In sum, on remand the family court must assign Caroline her non-marital share of the Flaherty Road property - including the non-condemned segment and the conceded $5,753.00 equity interest - and determine whether the increase in the property's value was marital or non-marital. If non-marital, the family court shall assign Caroline the profits realized from the sale. If marital, the family court shall equitably divide the profits between the parties. Caroline, as the party claiming the profits to be non-marital, bears the burden of proof. Sexton, 125 S.W.3d at 266.

(2) 75 Mayapple Street and 304 N. Mulberry Street

Caroline maintains the family court erroneously deemed the 75 Mayapple Street and 304 N. Mulberry Street properties marital property. Caroline asserts the Mayapple parcel is her non-marital property, and the Mulberry parcel is Daniel's non-marital property. In support, Caroline points to a plethora of deeds and documents in which Caroline and Daniel each purportedly relinquished his or her interest in the other's property. Caroline asserts the family court's failure to give any credence to these deeds constitutes reversible error. We agree.

On November 15, 2002, Caroline purchased the 75 Mayapple Street property. The property was, and continues to be, Caroline's primary residence. Five months after the parties' marriage, on February 24, 2005, Caroline conveyed Daniel an interest in the property. Less than three months later, on May 1, 2005, Daniel conveyed his interest back to Caroline, citing as consideration "love and affection." Then, on February 8, 2008, Daniel executed a document denominated a "Release of Dower/Curtesy Deed," which contained the following language:

By this document Husband does hereby release and quitclaim unto Wife all of Husband's marital rights,
including dower, in and to [the 75 Mayapple Street property][.]



. . . .



Husband does hereby render, release and forever quitclaim unto Wife all right, title and interest that
Husband may now have or hereafter acquire, as a result of his marriage to wife, in the [75 Mayapple Street property] including specifically dower/curtesy and all other marital rights.
(Emphasis added).

The acquisition of the Mulberry Street property followed a similar path. The parties purchased the Mulberry Street land on January 13, 2005. On May 1, 2005, Caroline conveyed her interest to Daniel, citing as consideration "love and affection." On July 10, 2008, Caroline executed a document titled "Dower Deed" containing language substantially identical to that in the "Release of Dower/Curtesy Deed" signed by Daniel the previous February.

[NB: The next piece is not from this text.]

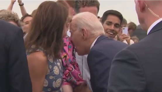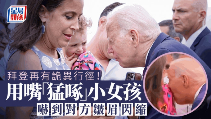 临行前,他向到机场送机的当地美国大使馆职员和家属道别,走到一对母女面前时,他停下脚步,冷不防把脸凑近依偎在妈妈怀中的小女孩,朝她的肩膀“啄”了好几下,还扮起鬼脸,最后更企图亲吻女孩脸颊。整个过程中,小女孩蹙紧眉头,表情相当不悦,不断扭动身体试着闪避,但拜登似乎不以为意,一直靠近女孩,这一幕被在旁民众拍了下来。
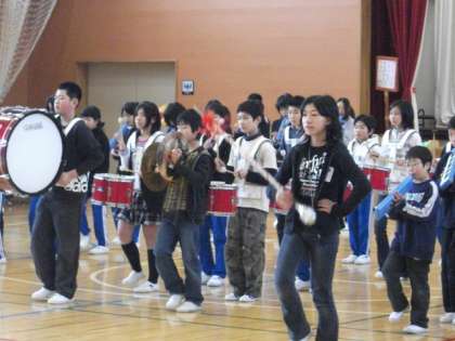6年生を送る会終了後、鼓笛移杖式が行われました。6年生の演奏の後、主指揮、副指揮の児童から指揮杖が5年生に渡されました。

The validity of the 2008 release deeds is not at issue.

Armed with these deeds, Caroline argued before the family court that she and Daniel waived any right to assert a marital interest in the Mulberry and Mayapple properties, respectively. The family court rejected Caroline's position and afforded the deeds no weight. In so doing, the family court found that the mere signing of a release or quitclaim deed was insufficient to relinquish a marital property right. Instead, the family court reasoned it was obligated to test the sufficiency of the release deeds by applying a three-part test first adopted in Gentry v. Gentry, 798 S.W.2d 928 (Ky. 1990). In the family court's view, the release deeds failed to satisfy that test. We need not engage in a protracted analysis of the Gentry test, and the family court's application thereof, because we find that test applies only to premarital agreements; it has no bearing on post-marital agreements, such as the deeds of release here. The family court's reliance on Gentry and its progeny was misplaced.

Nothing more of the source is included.